# Hawaii 2018 - 1st ever competition in Hawaii!



## Ranzha (Jul 6, 2018)

Hello!

Nitin Subramanian, Ryan GJew, Eric Zhao, and I are organising the first-ever competition in Hawaii, and we cordially invite you to come solve with us!

*Date:* Saturday, 24 November 2018
*Venue:* Pikake Room @ DoubleTree by Hilton Hotel Alana - Waikiki Beach
1956 Ala Moana Boulevard
Honolulu, HI 96815
*Events:* 3x3, 2x2, 4x4, 5x5, OH, 3BLD, Pyraminx, Skewb 
*Registration cost: *$30, payable via Stripe through the competition website

Registration opens 11 July 6:25 AM Hawaii Time 

*Competition website:* https://www.worldcubeassociation.org/competitions/Hawaii2018


----------



## LightFlame_ (Jul 6, 2018)

I think I might be able to go! Since that day is in the same week as my birthday, and it's on a holiday...
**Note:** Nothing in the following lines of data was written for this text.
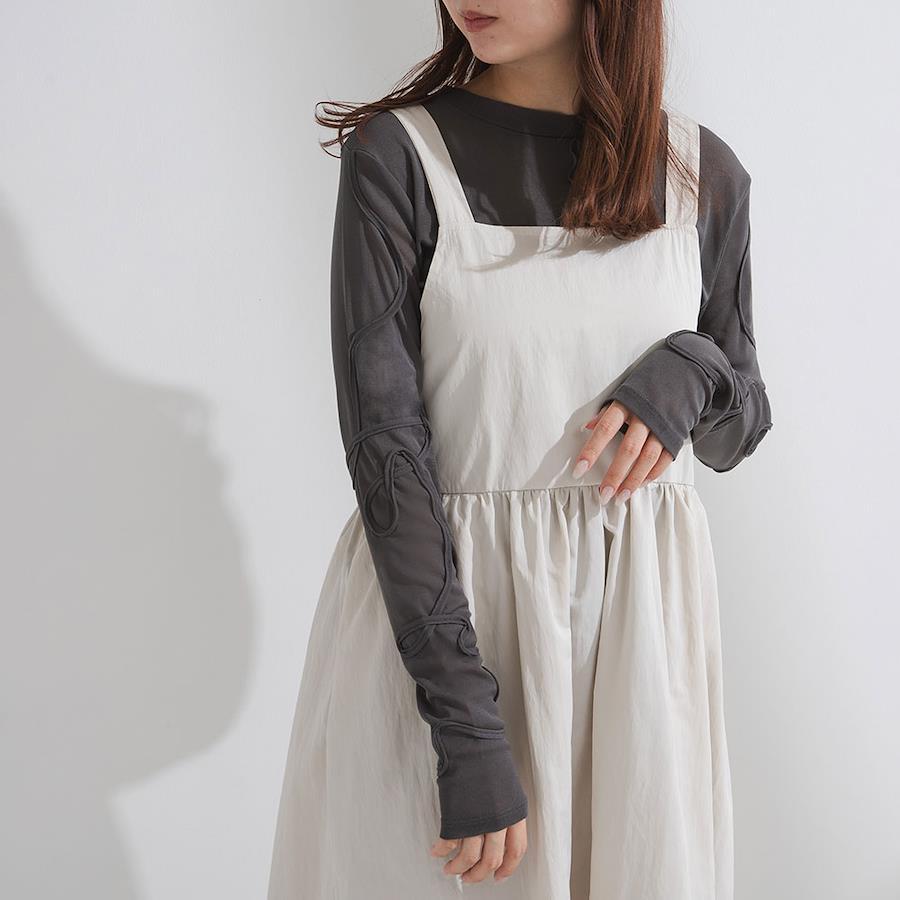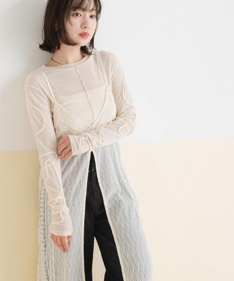 【素材】透け感のあるシアー素材。肌触りもよくソフトな着心地を体感していただけます。※繊細な素材感のため取り扱いにはご注意くださいませ。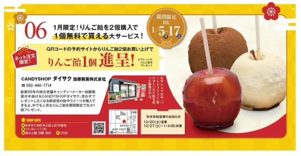 予約サイトからりんご飴を2個購入してくださった方に「りんご飴プレーン1個」をプレゼントいたします♡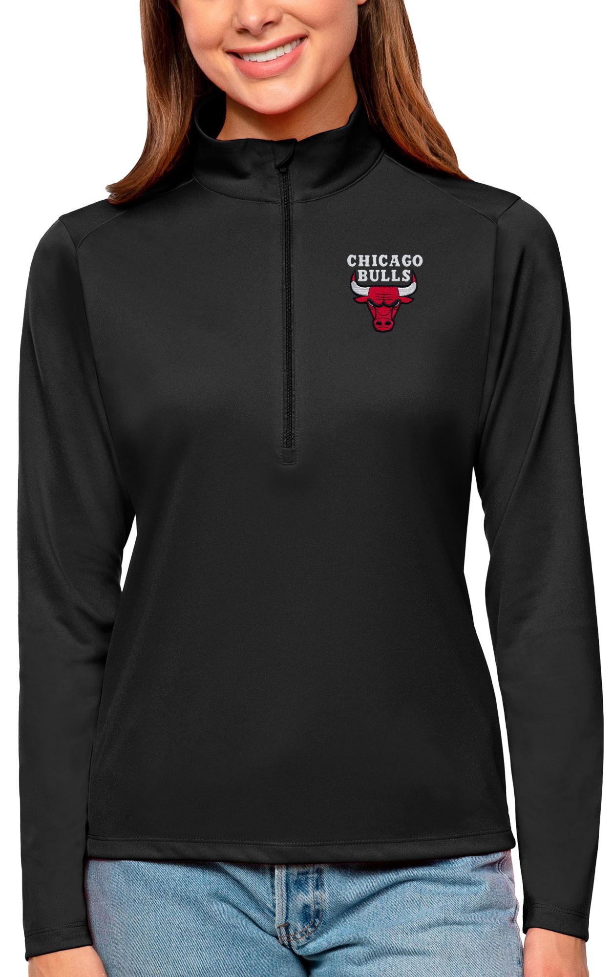 Antigua Women's Chicago Bulls Tribute Black Pullover Sweater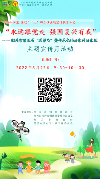 为全面贯彻落实党的十九大和十九届历次全会精神,深入落实习近平总书记关于注重家庭家教家风建设重要论述,突出迎接宣传贯彻党的二十大主线, 推动社会主义核心价值观在家庭落地生根, 助力培养担当民族复兴大任的时代新人, 为迎接党的二十大胜利召开凝心聚力营造氛围,市妇联将联合市文明办、市教育局、市关工委举行“永远跟党走 强国复兴有我”韶关市第三届“风筝节”暨传承弘扬好家风好家教主题宣传月活动。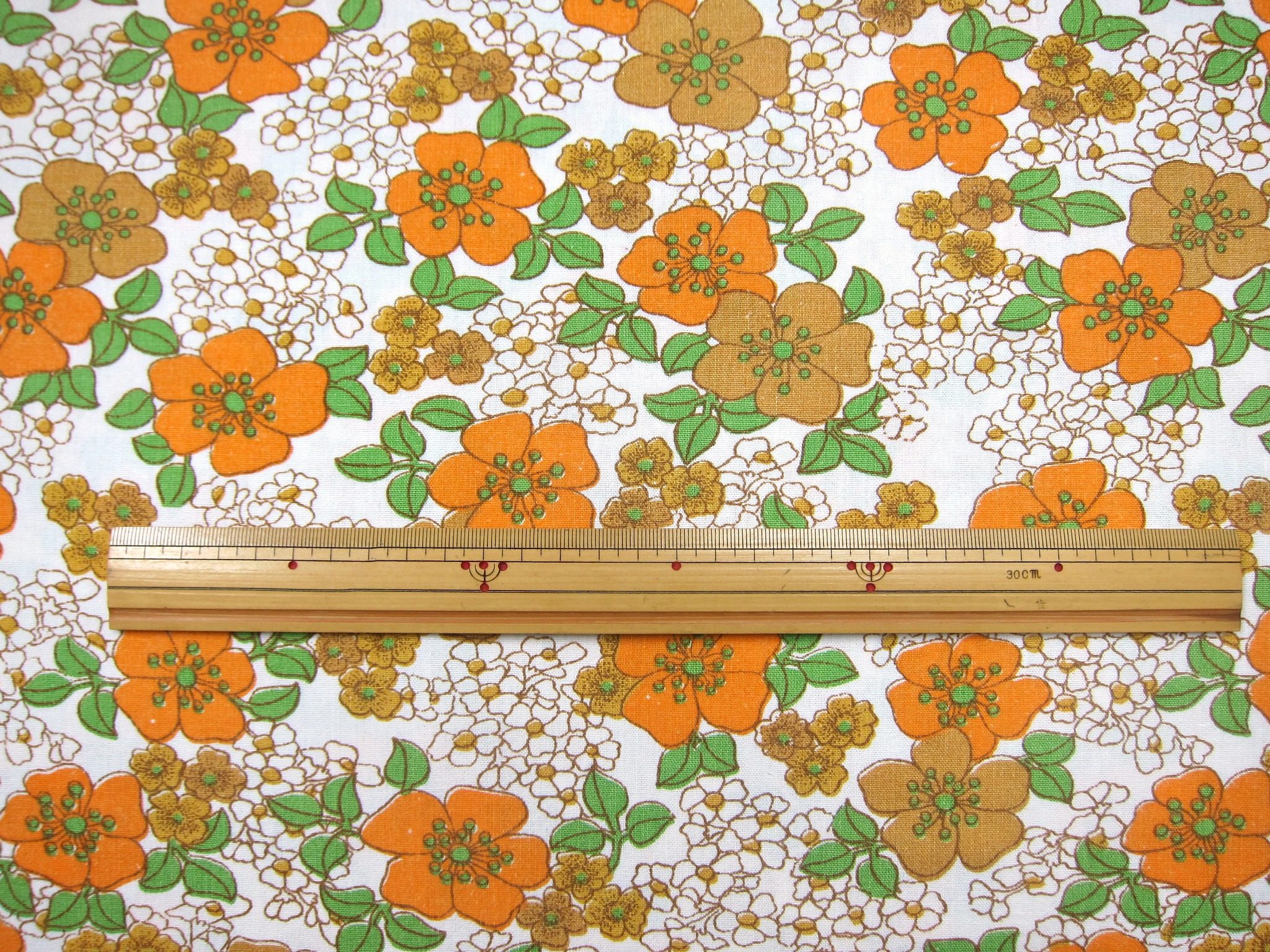 コンテンツにスキップオレンジと薄茶色の優しい色合いを基調とした花柄に、緑の葉模様のアクセントが美しいコットン製ビンテージファブリック。

I'm super excited! I hope that I can register in time though... I'd love to be one of the 70 people that get to compete!


----------



## WACWCA (Jul 6, 2018)

LightFlame_ said:


> I think I might be able to go! Since that day is in the same week as my birthday, and it's on a holiday...
> 
> I'm super excited! I hope that I can register in time though... I'd love to be one of the 70 people that get to compete!


Do you live in Hawaii?


----------



## LightFlame_ (Jul 13, 2018)

WACWCA said:


> Do you live in Hawaii?


Nope


----------